**ABOUT THIS TASK**.
Print every line from the start of the data, and when you reach the line with "Mädchen mit Kerze am Fenster", include it and stop. Pictures are not part of the copy.
+++
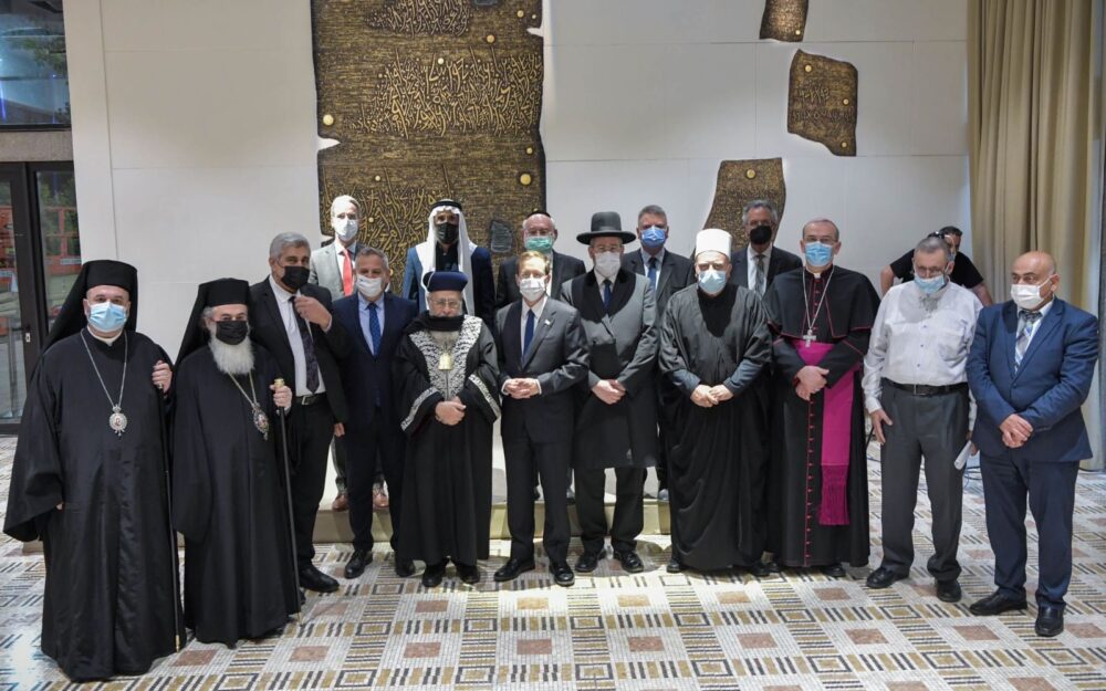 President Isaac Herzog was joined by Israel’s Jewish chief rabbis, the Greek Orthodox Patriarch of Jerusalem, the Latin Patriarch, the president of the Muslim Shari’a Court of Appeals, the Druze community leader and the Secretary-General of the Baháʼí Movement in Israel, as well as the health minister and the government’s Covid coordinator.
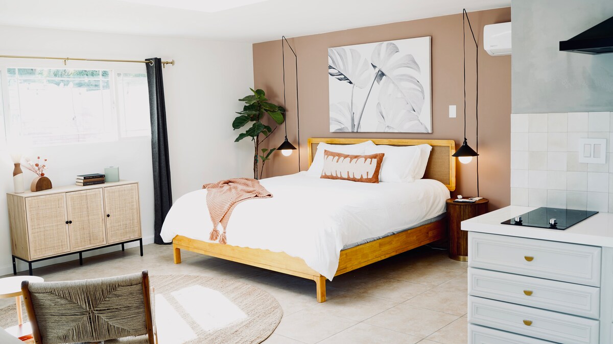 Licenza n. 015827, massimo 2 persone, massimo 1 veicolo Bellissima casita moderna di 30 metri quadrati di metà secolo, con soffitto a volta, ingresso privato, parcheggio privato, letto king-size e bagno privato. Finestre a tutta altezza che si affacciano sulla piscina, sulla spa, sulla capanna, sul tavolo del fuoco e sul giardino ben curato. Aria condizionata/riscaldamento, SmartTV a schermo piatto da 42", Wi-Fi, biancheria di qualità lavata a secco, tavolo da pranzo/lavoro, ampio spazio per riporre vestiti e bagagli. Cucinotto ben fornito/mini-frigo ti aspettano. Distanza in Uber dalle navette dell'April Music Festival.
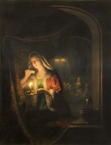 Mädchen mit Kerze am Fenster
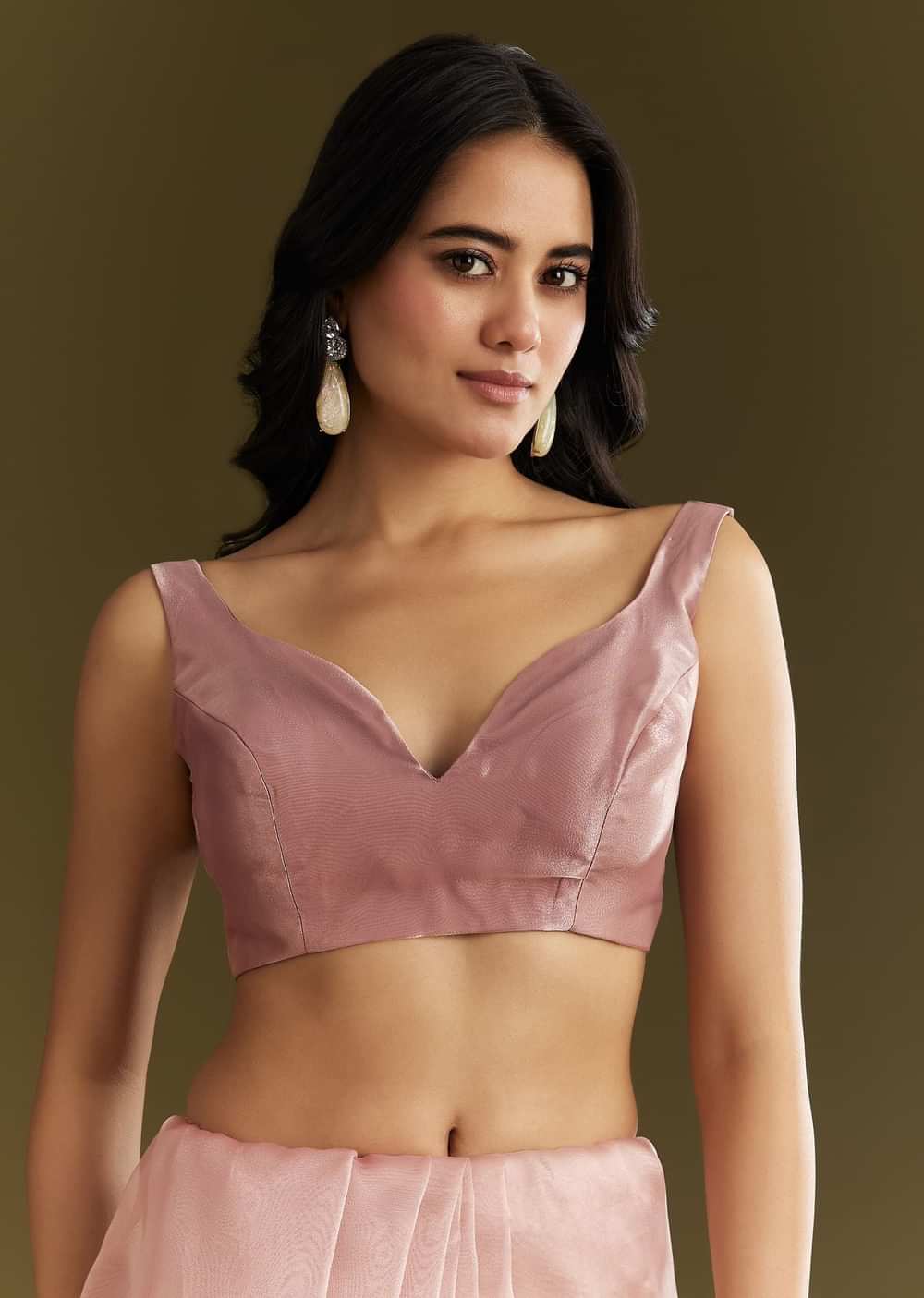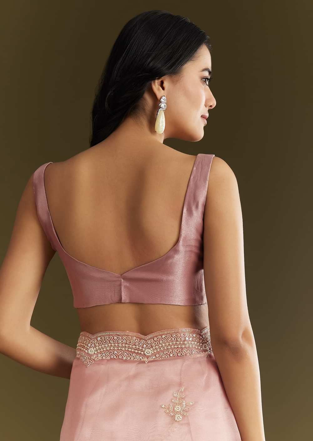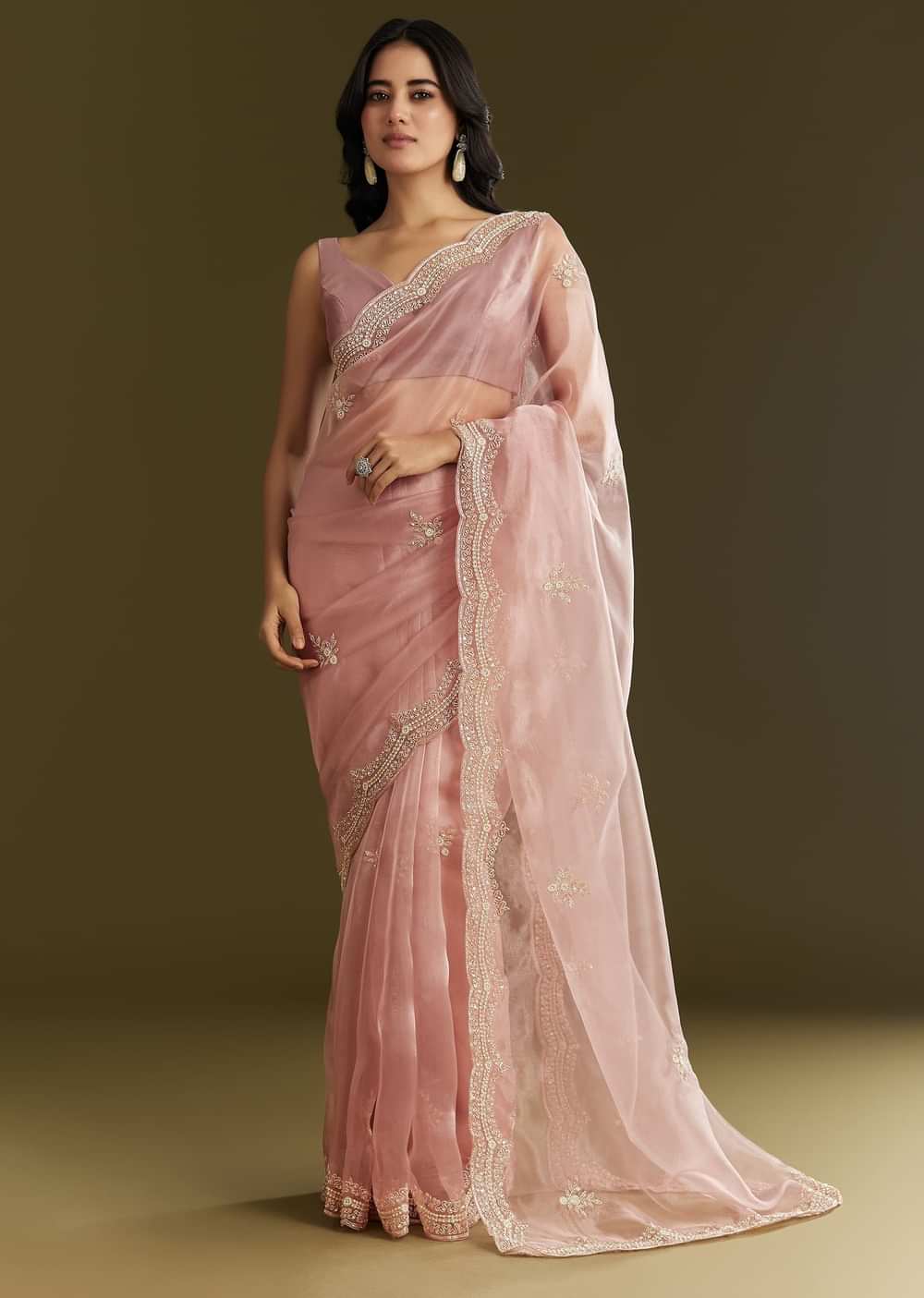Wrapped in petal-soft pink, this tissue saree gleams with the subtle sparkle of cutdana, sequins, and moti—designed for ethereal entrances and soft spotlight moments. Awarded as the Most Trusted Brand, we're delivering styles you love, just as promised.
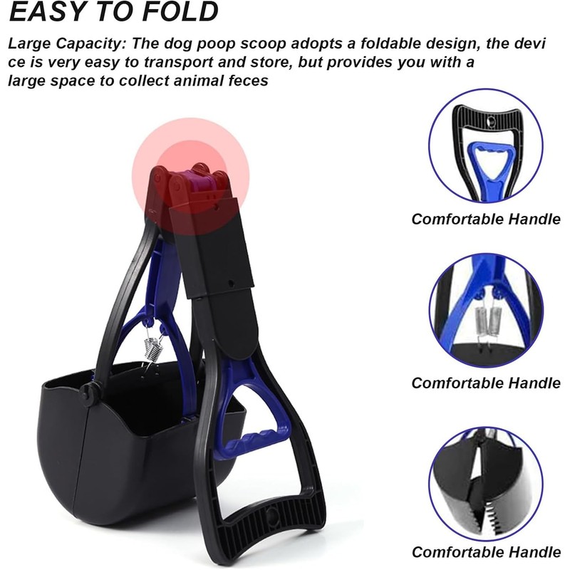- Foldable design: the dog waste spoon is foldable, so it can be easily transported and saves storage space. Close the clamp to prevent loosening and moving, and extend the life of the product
+++
**OUTPUT FOR THIS TASK**.
 President Isaac Herzog was joined by Israel’s Jewish chief rabbis, the Greek Orthodox Patriarch of Jerusalem, the Latin Patriarch, the president of the Muslim Shari’a Court of Appeals, the Druze community leader and the Secretary-General of the Baháʼí Movement in Israel, as well as the health minister and the government’s Covid coordinator.
 Licenza n. 015827, massimo 2 persone, massimo 1 veicolo Bellissima casita moderna di 30 metri quadrati di metà secolo, con soffitto a volta, ingresso privato, parcheggio privato, letto king-size e bagno privato. Finestre a tutta altezza che si affacciano sulla piscina, sulla spa, sulla capanna, sul tavolo del fuoco e sul giardino ben curato. Aria condizionata/riscaldamento, SmartTV a schermo piatto da 42", Wi-Fi, biancheria di qualità lavata a secco, tavolo da pranzo/lavoro, ampio spazio per riporre vestiti e bagagli. Cucinotto ben fornito/mini-frigo ti aspettano. Distanza in Uber dalle navette dell'April Music Festival.
 Mädchen mit Kerze am Fenster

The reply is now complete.